April 4, 2017

Quick Reviews! Never Fade, Three Dark Crowns, American Gods, and Caraval

Hello everyone! I'm so sorry that I've been MIA lately. I started Softball in March and it's been kind of hectic trying to deal with that and these scholarships but we can talk about that later in my quarterly wrap up post. Right now I want to talk about the books I read during this time because, yes, I still read books. What did you think of these books? I'm curious to know. Anyway, let's get to these quick reviews.


Never Fade by Alexandra B: I absolutely loved the book of this series. The Darkest Minds was actually one of the books that I finished pretty quickly. But this book took me so long to finish and I know it's because of how slow the plot was. The first book was pretty slow, too, and a lot of people had problems with it because of that. However, I fell in love with the characters and following them around helped move the story along for me. It was the same for this book. They have to be the best part of the entire book. They are all different in so many ways but their banter and the way that they have each others backs is so realistic. They sounded like teenagers to me and they interacted with each other in so many ways that felt like it would be done by a young adult. Their connection is was made this book sparkle for me. The diversity in this book passed my requirement of at least two diverse side characters. In this book, they are now three (although Zu wasn't in this book). Chubs is an African American and another character (I really forgot her name even though she was definitely the best) that could honestly be any person of color with brown skin. There isn't LGBTQ+ representation in here (at least I don't think there is) and I didn't see any characters with a disability. However, I'm still going to give this book a .5 of a star, not because of the lack of representation with the last two things I mentioned. It's only because I feel as though there should have been a little depth to those characters. Don't get me wrong, I loved them but honestly, they could have been any race. Overall I rated this book three stars.

Three Dark Crowns by Kendare Blake: Overall I rated this book three stars because of the slow pacing of this book. In the summary of this book, we are told that it's going to be a competition between the sisters but just like Throne of Glass, it wasn't like that. This book focused on the relationships with the characters and some of the magic. That wasn't necessarily a bad thing but the plot should have moved faster. I also don't really know if this book would be considered diverse. The author is a person of color but I couldn't really tell if her characters were people of color since they were really only described as having dark hair and dark eyes. I assumed they were the same race and ethnicity of the author, however, as I read so I gave this book half a star for diversity. What really made me want to pick up the second book in this series was the ending. Everything picked up quickly, maybe even a little too quickly and the ending was great. I think the second book promises to be everything that this book wasn't.

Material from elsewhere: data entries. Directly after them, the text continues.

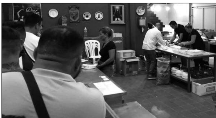
La Peña Los Corazones colaboró con la barra de la fiesta.

De este modo, la gran familia que conforma este pujante club deportivo de la barriada celebraba el fin de una temporada exitosa en lo deportivo.
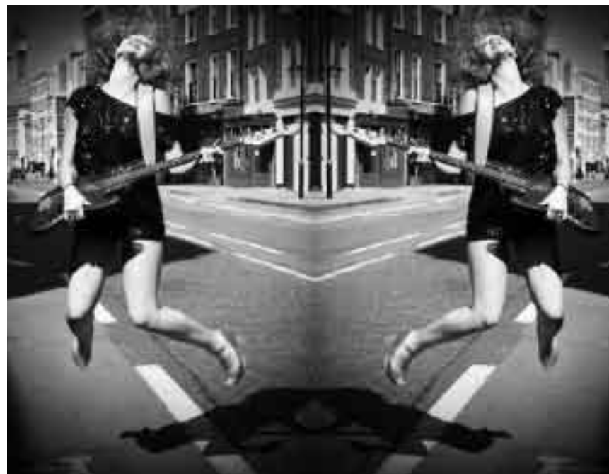
Es ist wieder Disco Bloen-Eck Revival Party-Zeit: Am Samstag, dem 22. November wird im Café Ancien Cinéma in Vianden gerockt was das Zeug hält.
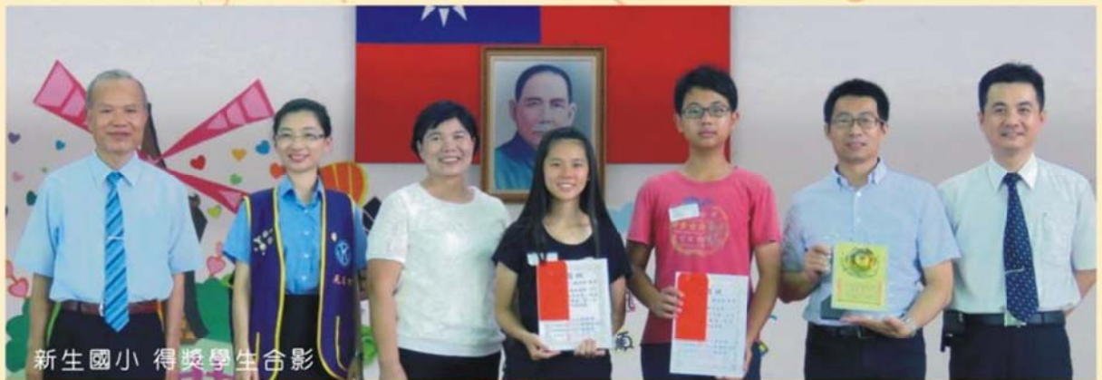
新生國小 得獎學生合影
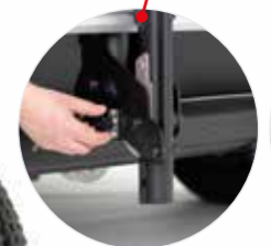
Sichern per unkomplizierter Arretierung
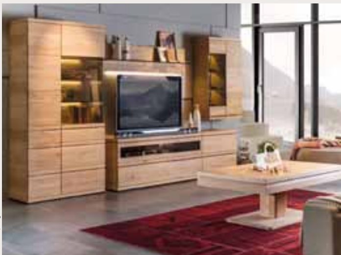
Massivholz trägt zu einem gesunden Wohnstil bei.
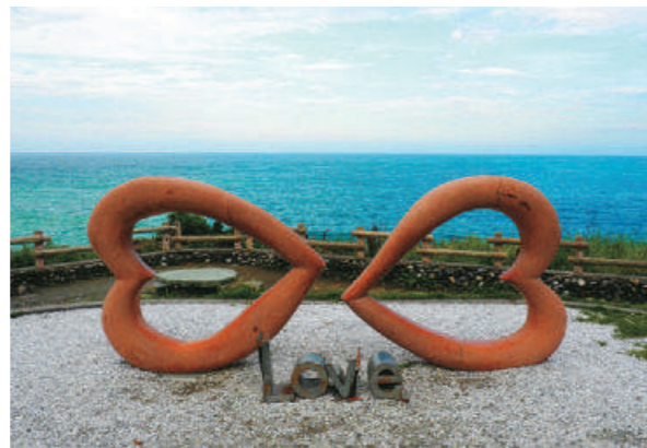
極浪漫的的石門班哨角園區的雙心石雕後便是無敵海景，情侶怎麼能夠不來！
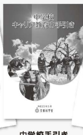
中学校手引き 平成23年3月
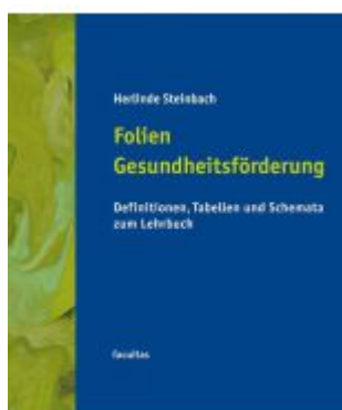
Folien Gesundheitsförderung Ladenpreis: 19,90 EUR
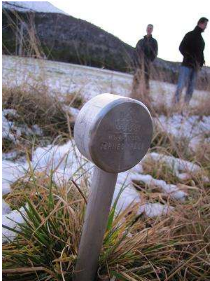
Fig. 13. Grensemerke for verneområde

Forvaltingsplanen for Hustadbukta naturreservat gjeld fram til ny forvaltingsplan er vedtatt. Fylkesmannen er ansvarleg for revideringa av planen. Ein tek sikte på å gjere dette ca. kvart 10. år, første gong ca. 2020. Fylkesmannen kan revidere planen på eit tidligare tidspunkt om det er nødvendig. Bevaringsmåla vil bli reviderte i samsvar med nasjonale standardar når desse føreligg, uavhengig av rulleringa av forvaltingsplanen.
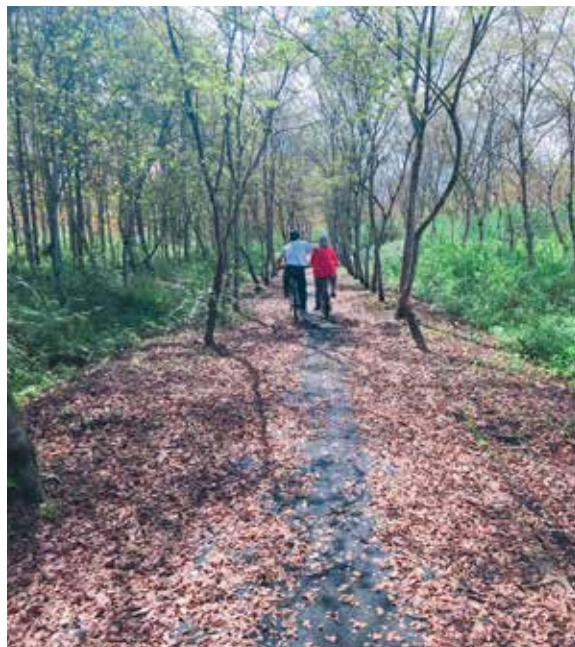
大農大富平地森林園區
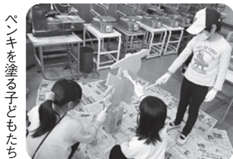
ペンキを塗る子どもたち

今回、約1年ぶりに復活することとなり、「うえみなこどもルーム」の時間に子どもたちに製作の手伝いを呼びかけたところ、50人を超える子どもたちが参加しました。看板を磨いたり、色塗りをしたり、丁寧に作業をして完成させました。
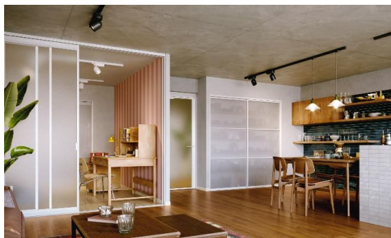
◆AMiS 本体・枠 カラー：ホワイト

これまで階段と手すりのみに設定していた「ホワイト」を、「室内ドア」「室内引戸」「収納引戸」「収納折戸」「収納開き戸」「固定パーテーション」にも追加することで、「AMiS」シリーズのトータルコーディネートが可能となりました。
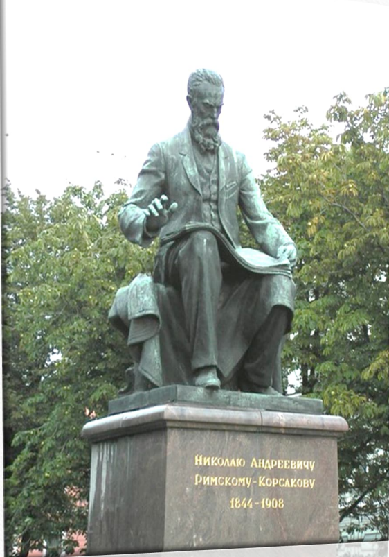
Памятник в Санкт-Петербурге
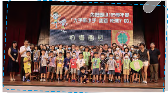
新生始業式親師生團照，十分溫馨
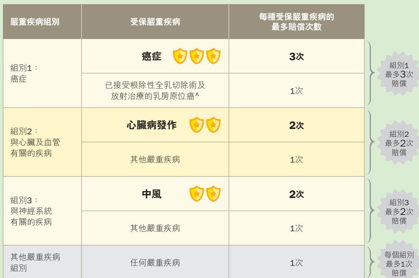
基本計劃及「多重附加契約 (加強版)」下的最多賠償次數

^ 「已接受根治性全乳切除術及放射治療的乳房原位癌」只在基本計劃的保障範圍之內。
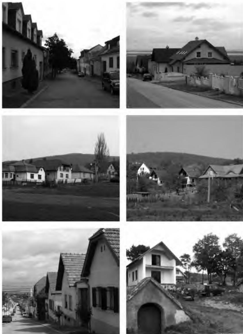
Abb. 8–13 (oben 8 und 9, Mitte 10 und 11, unten 12 und 13)

American Gods by Neil Gaiman: I hated this book and it's most likely because it was an adult book. It was too slow for me and the main character  was void of any emotion. That made it hard to connect to him in anyway. The pacing of this book was obnoxiously slow, too. I didn't even finish the book because of how slow it was and my friend said that it didn't pick up until the last hundred pages. I think it's also Neil Gaiman's writing style that I don't like. It's very strange to see random things pop up and then never see how they connect to anything with the plot. I think the point of them is to show us the world or maybe foreshadow some things. Either way, I didn't like it and it's part of the reason why I rated this book one star.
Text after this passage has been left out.